What is Couchsurfing?
Couchsurfing is like an Airbnb app but you don’t have to pay for your stay. It’s more of cultural exchange between two individuals (mostly backpackers) who wish to get a free stay in the country they are traveling to, and at the same time, gain friends along the way.
This app was founded by Casey Fenton in 1999. On his trip to Iceland, didn’t want to pay for an expensive hotel so what he did was send messages to University students and asked if there’s a couch he can crash. He introduced himself as a budget traveler and surprisingly, he received hundreds of replies!
He then discovered that there should be an app to be able to do this kind of cultural exchange, hence, the birth of Couchsurfing.
Is Couchsurfing a hook-up site?
No.

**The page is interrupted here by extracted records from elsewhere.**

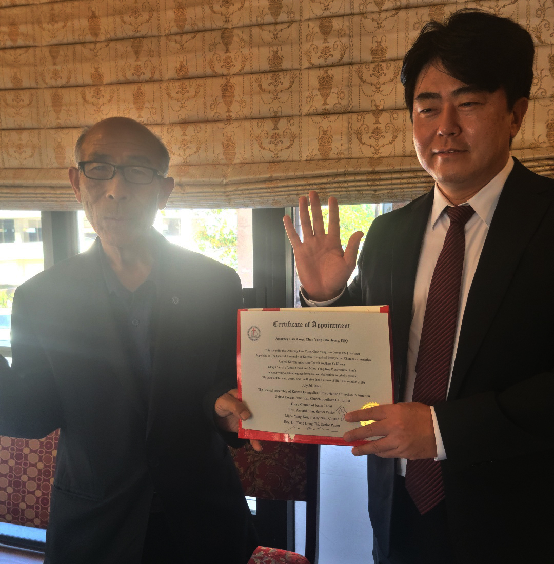 2022년 7월 26일 정오 JJ그램드호텔에서 "남가주교계연합 사마리아인 법률자문단" 조직되었다.
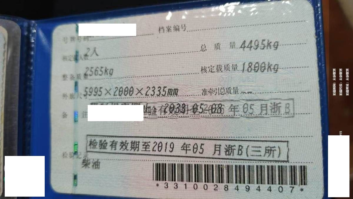 车架号是否受损 未知 使用性质 非营运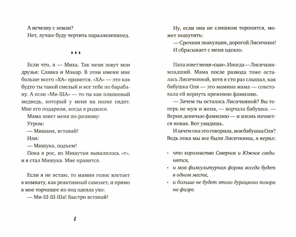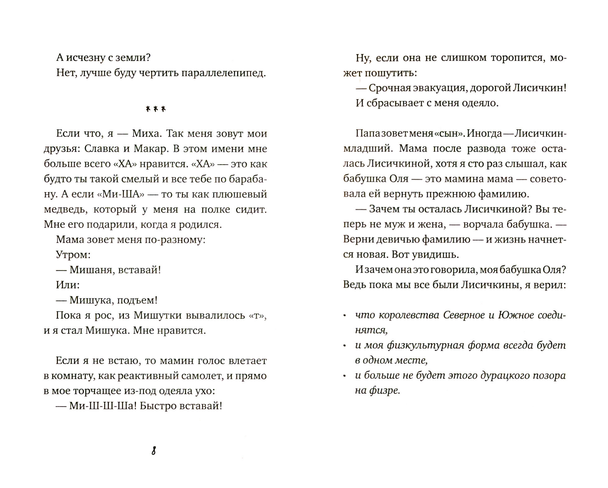 "Привет! Я - Миша и мне 10 Мои лучшие друзья зовут меня Миха, а дома меня зовут… На самом деле, это не так важно. Самое главное, что у меня два дома. Один, на Северной, где мы живем с мамой, а другой - квартира моего папы на Южной, где он живет с новой семьей. Больше всего на свете я хотел, чтобы дом был один, и родители жили вместе. А ещё я мечтал о собаке.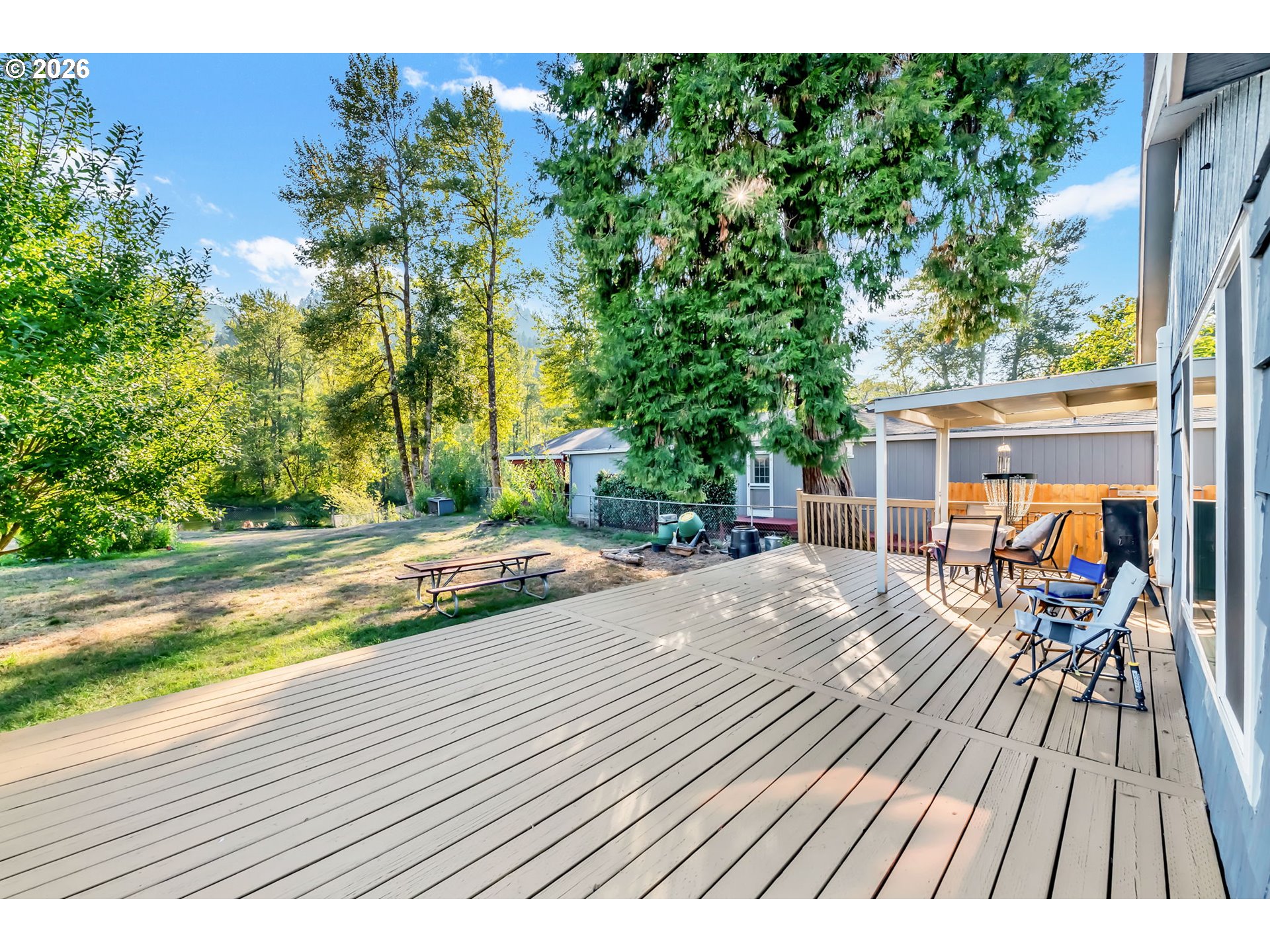 Rare opportunity to own riverfront property on the Willamette River with direct access and strong appeal for recreation or vacation rental use. Located in Oakridge, known for its extensive network of world class mountain biking trails and sunny climate, and just 30 minutes from Willamette Pass Ski Area, this home is ideally positioned for year round adventure. The home features a comfortable, functional layout with numerous updates already completed, including roof, electrical panel, heat pumps, wood stove, windows, and flooring. The outdoor space is thoughtfully designed with established herb and vegetable gardens, raised beds, blueberries, and fruit trees, while a spacious deck overlooks the river and surrounding landscape, creating a perfect setting to relax or entertain. Additional features include ample driveway parking, a one car garage, and a versatile workshop. With its prime location and strong recreational appeal, this property also offers excellent potential as a vacation rental or Airbnb, buyer to perform due diligence.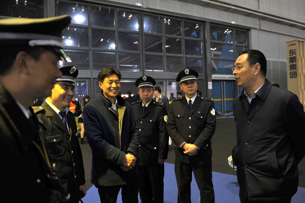 在上海國(guó)家會(huì)展中心,婁伯翱總經(jīng)理實(shí)地查看了隊(duì)伍執(zhí)勤情況,詳細(xì)了解了隊(duì)員工作職責(zé)和工作時(shí)間,聽(tīng)取了近期工作匯報(bào)。并針對(duì)駐滬隊(duì)伍伙食、班次、休假、交通以及業(yè)務(wù)發(fā)展等工作與客戶單位負(fù)責(zé)人進(jìn)行了深入溝通交流。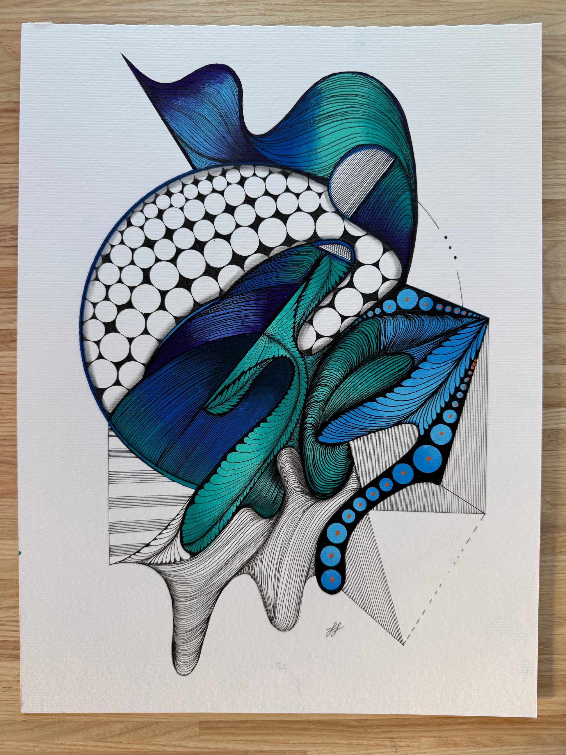 Archival ink and Acrylic paint marker on Acrylic paper

Not at all. Through the years, it has developed in many different levels and forms. It’s actually sad that the Couchsurfing spirit is slowly evolving into other purposes. We need to maintain its humanity! Couchsurfing’s purpose is only for finding a couch to crash when you are traveling. Make sure to use it that way!
If you want to hook up, you can use other apps like Bumble and Tinder.
Is Couchsurfing safe for females?
There have been a lot of safety issues on Couchsurfing, especially for women. Just last month, a man was sentenced to jail for 7 years for sexually assaulting a Couchsurfer. While this is very sad news, I have never experienced this on Couchsurfing because I already know how to find great hosts. It takes years of practice!
You can say that my Couchsurfing safety tips in this list are applicable to women as I am a woman Couchsurfer. However, if you look at the items on the list, some of them can be applied to any gender. Here are some of my tips from Couchsurfing all over the globe since 2012.
13 essential Couchsurfing safety tips
#1: Do not just copy/paste and send to multiple people
The problem with backpackers – always just after the free stay. Look, I understand that you really want to save on accommodations because you are traveling long-term but the thing is, this is the main priority when people use Couchsurfing now – it’s not even about being part of the community!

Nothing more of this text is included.